Olivers_AR Posted May 7, 2011 Share Posted May 7, 2011 (edited) Raid 6 or DP can also be done in hardware. How much data is backed up daily? For a few extra dollars, mirrored sites can be setup. A single server or raid controller is always a single point of failure. Suggest that they put up a simple website that indicates the site is down and will be up early next week? Good luck with Sr. Management, your going to get we're sorry and credit for the month, unless you have a Service Level Agreement (SLA) that has teeth in it. PS: IM or Email me if I can help, I shoot on the evenings and weekends, build complex systems during the day Edited May 7, 2011 by Olivers_AR Link to comment Share on other sites More sharing options...
Rob Boudrie Posted May 7, 2011 Author Share Posted May 7, 2011 Putting up a temp site is problematic since restore work is active on the server. Mirrored sites are not as simple as with a purely static site, since the web site "self modifies". A mirrored site for a static web site is easy, and also not that hard for a system where all dynamic content is database driven.

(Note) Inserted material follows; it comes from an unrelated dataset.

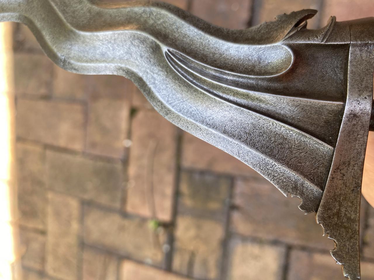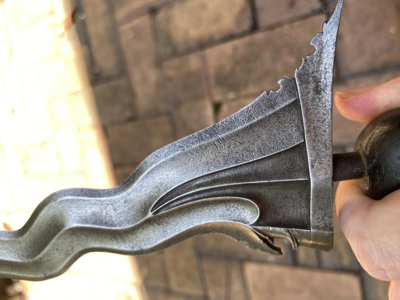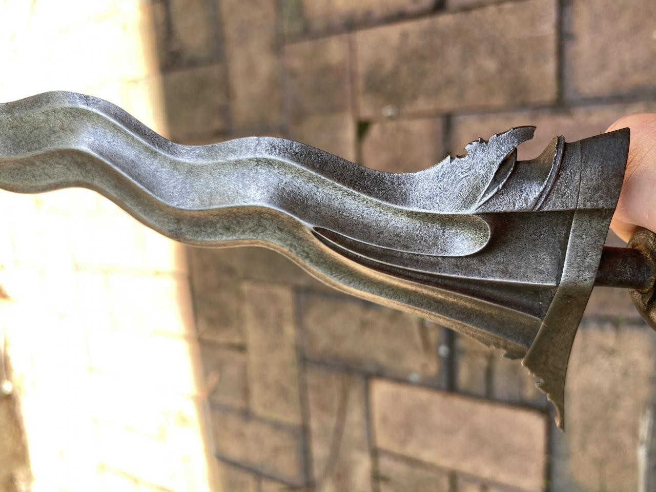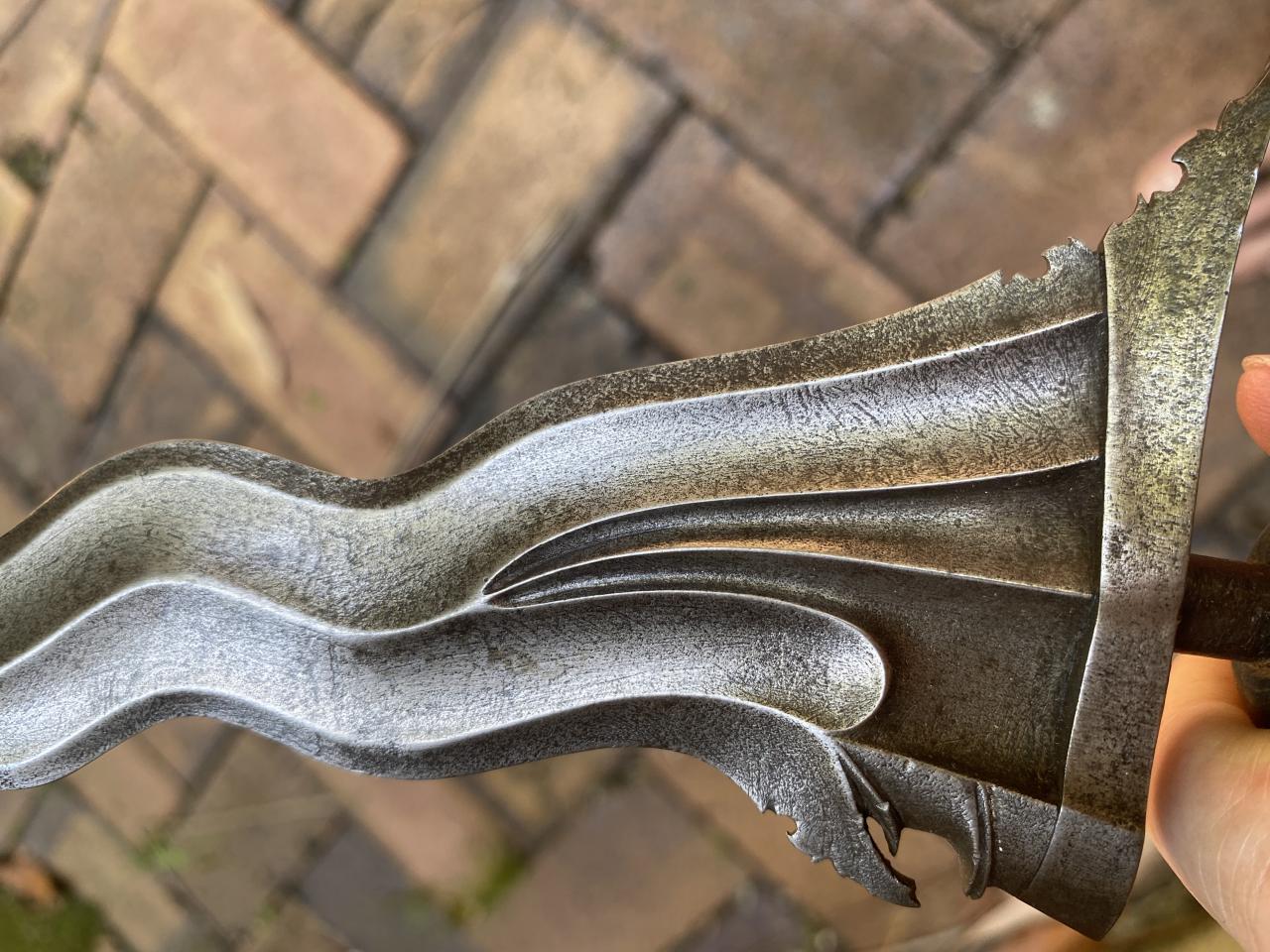 Is anyone willing to venture an opinion on the swirly pattern evident in this Malela keris? Is this crucible steel, unlikely as the prospect of a wootz keris blade might seem?

It's a bit trickier with CMS and "self modification". Clustered systems either rely on duplication of data on multiple nodes, or use SAN or NAS storage so nodes can access the same datastore when they switch over. Classifier uploads go to files downloaded by USPSA HQ; content including photos is managed by a custom content management system; and certain other files are regularly updaed. It's easy to replicate to cluster a database; a bit trickier with the file system. I could use cloud based storage so that in the event of a hardware failure, I just get another server and configure the FS mount point to the cloud - but even that has a failure possibility. There was a big new item recently where Amazon had a cloud failure, with some loss of customer data. What I am interested from the server farm is if they even consider the failure to make a phone call in a situation like this a process failure, and if they are going to do something to improve their process. I really don't care about getting a bit of service fee back - I do care about having decent assurances that they can learn from this mistake ... which can only happen if they consider it a mistake. If they tell me "email is sufficient notice, we did exactly what we should, and exactly what we will do if it happens again", I may have some shopping to do. Link to comment Share on other sites More sharing options...
Olivers_AR Posted May 7, 2011 Share Posted May 7, 2011 It depends on how much content changes on the FS, even if one took snapshots once an hour from site A to site B, it at worse would be one hour behind, stand up another server, physical or virtual and then at worse it would be one hour data lost. The content would be available immediately vs having to restore (assumption is from tape). Things like uploaded scores, photos, etc. could be seperately replicated to a holding area in the second site, so at least its captured prior to being ingested by the CMS. Yep the Amazon glitch has made people say, this cloud concept isn't bulletproof. Link to comment Share on other sites More sharing options...
LexTalionis Posted May 7, 2011 Share Posted May 7, 2011 Also all the club sites that use USPSA's hosting are down as well. I have a match this morning, and my guys aren't able to get last-minute info. :/ Link to comment Share on other sites More sharing options...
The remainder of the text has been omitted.